Был один только человек в Риге, которого Ш. боялся, – Янис Карклинь, по профессии театральный критик, был человеком необычайной внутренней силы. Идеалист, умевший любить свою родину без шовинизма, прямой, правдивый и бесстрашный, он был как бы совестью своих соотечественников. Все общественные круги считались с его мнением. На все он имел свою собственную, всегда оригинальную точку зрения. Он как бы выдел добро и всегда безошибочно указывал путь к нему. Это был маленький улыбающийся человек лет сорока, молчаливый, скромный и незаметный. Если он появлялся на собраниях, его седая голова всегда виднелась в задних рядах. Если он тихонько, с улыбкой, поблескивая очками, кивал головой – собрание голосовало: «да»; если же он сидел неподвижно – дебаты продолжались. Янис взял нашу школу под свое негласное покровительство, и много скверных затей Ш. погибло под молчаливым взглядом Яниса.

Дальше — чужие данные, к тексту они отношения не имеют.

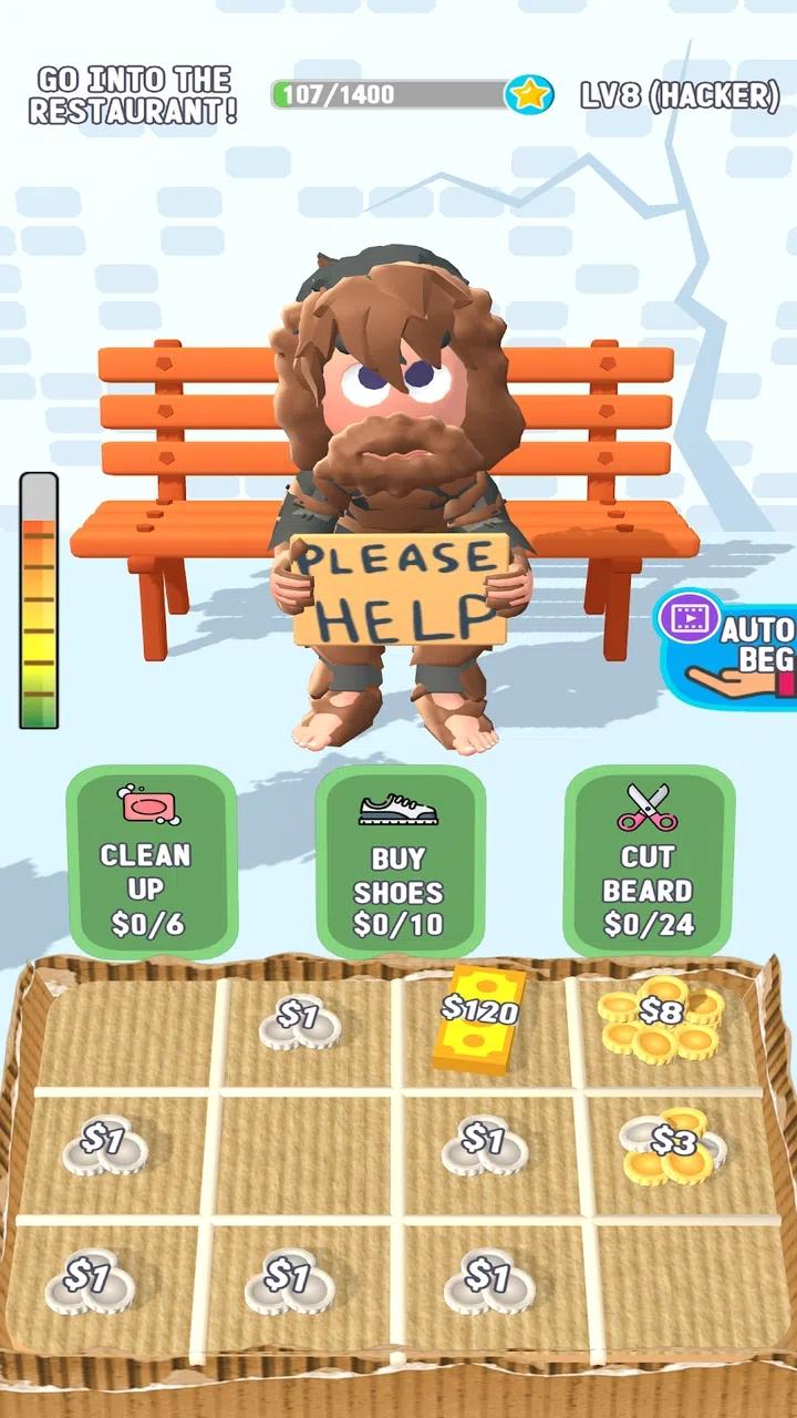 作为一个无家可归的乞丐,你可能很难让别人喜欢你,但你可以通过乞讨来的钱改变你的衣服和外衣来变得富有并被接受。求填饱肚子子,买房买车,尽情享受吧!当你求时,升级并更有效率地求!

Однажды он сказал мне:

– Михаил, ты бы поставил нам оперу.

– Янис, друг, боюсь – не сумею, никогда не ставил опер.

– Ничего, – сказал он и умолк.

Через два дня директор оперы (дирижер) предложил мне постановку «Парсифаля», предоставив для работы неограниченное время и значительные материальные средства.

Спектакли с моим участием в обоих театрах продолжались, и уже были поставлены две картины оперы, когда со мной неожиданно случился сердечный припадок и я больше чем на месяц слег в больницу. В школе воцарился Ш., и судьба школы стала сильно тревожить меня. Янис успокаивал, говоря, что следит за Ш. Но еще больше беспокоила меня неоконченная работа в опере. Я умолял профессора, директора клиники, хоть на несколько часов в день отпускать меня для работы над «Парсифалем», но он не внял моим мольбам, и пришлось прибегнуть к хитрости. Ассистент мой по ночам тайно пробирался в больницу. Я вставал и, крадучись, выходил в коридор. При свете тусклой синей лампочки я наскоро излагал ему план постановки той сцены, над которой он должен был работать наутро. Так, уставая и мучаясь от боли, я все же довел постановку до конца. Перед последней генеральной репетицией я потребовал, чтобы меня выписали из больницы, и, сидя в зрительном зале, глотая пилюли, прослушал всю оперу. Премьера была торжественной. Публика стала собираться задолго до начала, опоздавших не было, и в зале царила благоговейная тишина. Праздничная атмосфера зрительного зала передалась певцам и хористам, и они провели весь спектакль с большим подъемом. Аплодисментов между актами не было, но, когда опустился последний занавес, публика устроила овацию участникам спектакля, и вызовам не было конца. Зрители не скоро покинули зал.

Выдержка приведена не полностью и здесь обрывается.